I am trying to keep track of the performed HARP operations in Python through the history global file attrribute, but I don’t get it to work as intended.
Let’s say I perform all operations during harp.import_product:

file = "./S5P_OFFL_L2__HCHO___20240707T174154_20240707T192324_34892_03_020601_20240709T095147.nc"
hp = harp.import_product(file, operations="keep(tropospheric_HCHO_column_number_density,latitude_bounds,longitude_bounds);bin_spatial(181,-90,1.,361,-180,1.);derive(latitude {latitude});derive(longitude {longitude});", post_operations="bin();squash(time, (latitude,longitude));")
harp.export_product(hp, "harp_testfile.h5")

then the history attribute of the exported file contains the full content of the operations string.

However, if I perform the operations in 2 steps:

hp = harp.import_product(file, operations="keep(tropospheric_HCHO_column_number_density,latitude_bounds,longitude_bounds);"

hpl3 = harp.execute_operations(hp, operations="bin_spatial(181,-90,1.,361,-180,1.);derive(latitude {latitude});derive(longitude {longitude});", post_operations="bin();squash(time, (latitude,longitude));")

harp.export_product(hpl3, "harp_testfile.h5")

Here the history attribute only contains the ‘keep’ operation performed during harp.import_product.
I expected it to (also) include the most recent operations, from the execute_operations command.
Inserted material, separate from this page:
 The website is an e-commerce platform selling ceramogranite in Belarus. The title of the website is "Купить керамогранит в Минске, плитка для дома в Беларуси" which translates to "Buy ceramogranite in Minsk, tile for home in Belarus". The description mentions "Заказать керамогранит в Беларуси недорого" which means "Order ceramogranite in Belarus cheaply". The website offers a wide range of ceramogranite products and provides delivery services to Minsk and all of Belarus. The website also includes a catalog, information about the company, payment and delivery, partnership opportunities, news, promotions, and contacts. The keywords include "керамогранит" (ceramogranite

This seems to contradict this statement in the manual at:
Global attributes — HARP 1.23 documentation, where is says:

Note that the Conventions, datetime_start, and datetime_stop attributes are only used inside files. For the in-memory representation (in C, Python, etc.) only the history and source_product attributes are present.

Do I misunderstand?
Thanks in advance,
Jeroen

sander.niemeijer · August 19, 2024, 1:30pm

The history attribute is indeed preserved (as the documentation states), but what is not happening is that harp.execute_operations introduces a line of its own.
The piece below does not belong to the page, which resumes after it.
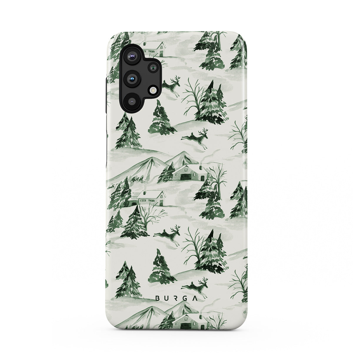 此設計特色:冬季森林景象,松樹,雪景,綠白色,自然圖案,森林聖誕,常綠樹,復古插畫風格

I am also not yet sure if we want to do this.

First, be aware that calling harp.execute_operations should be avoided as much as possible. It creates a full duplicate of the product content twice (which is slow and takes memory), once to go from Python to C, and once to go back. You should try to combine any operations you have inside a harp.import_product or harp.export_product when possible.

Also be aware that using post_operations makes no sense if you are just applying the operations to just a single product (you should then combine everything into a single operations argument).
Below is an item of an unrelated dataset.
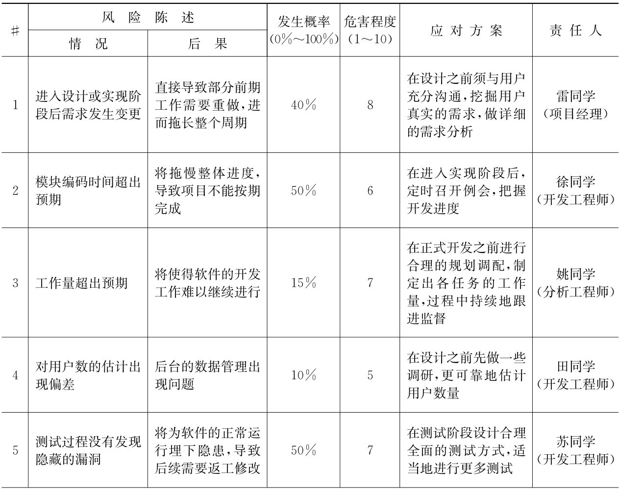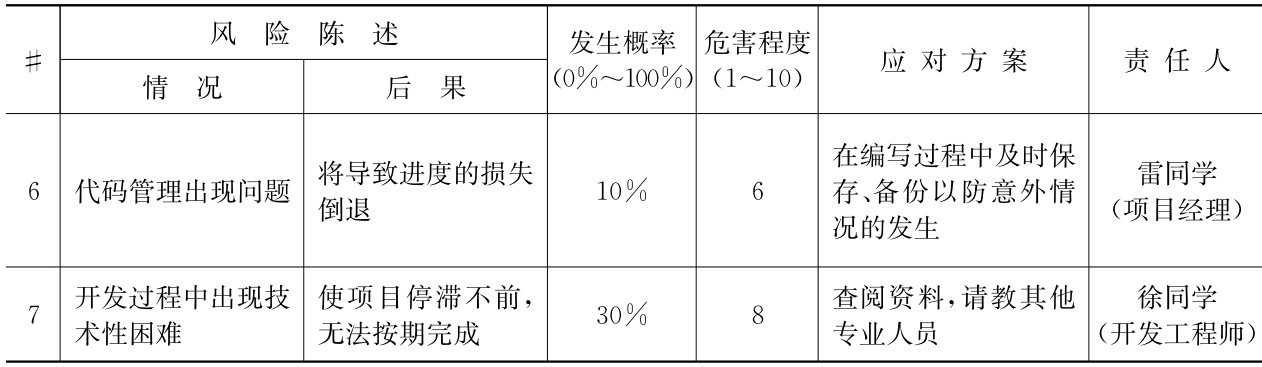 (5)开发过程中的计划、沟通和技术限制等。影响:耽误开发进度,延长开发时间,无法达到预期目标。

I assume that what you are trying to do is create a daily grid by iterating over all orbits per day?
If so, you should really try to combine all of this into a single harp.import_product call by passing the list of filenames and passing the right operations, reduce_operations, and post_operations arguments. This will do all the steps in the C domain and only at the end convert the data structure to Python. And then your history attribute will also be correct.

If you really want to call harp.execute_operations then conceptually this falls into the same category as performing some manual operation on the product content by e.g. applying direct numpy operations. In that case you would also be responsible for keeping track what you did and manually constructing the right history attribute content.

If your harp.execute_operations is part of such a bigger set of operations, where you have some numpy operations performed before and some after, then you actually might not even want to have harp update the history attribute for you, because it would prevent you to combine everything into a single history line. Since harp.import_product and harp.export_product are directly at the boundaries of your operations (complete start and complete end), having a history line added for those are not a problem, since you then only have to describe what you did in between (as a single line).

Also note that harp.import_product and harp.export_product do not introduce a history line if there were no operations/options arguments provided.

jvgent · August 19, 2024, 2:35pm

Thank you for the elaborate explanation.
Using a single L2 file was just to create an example case. My particular case at hand is where I create a set of harp L2 products manually and then combine them in a single L3 product. That’s the reason why I do things ‘in memory’. But your answer gives me enough handles to continue and optimize things. Many thanks.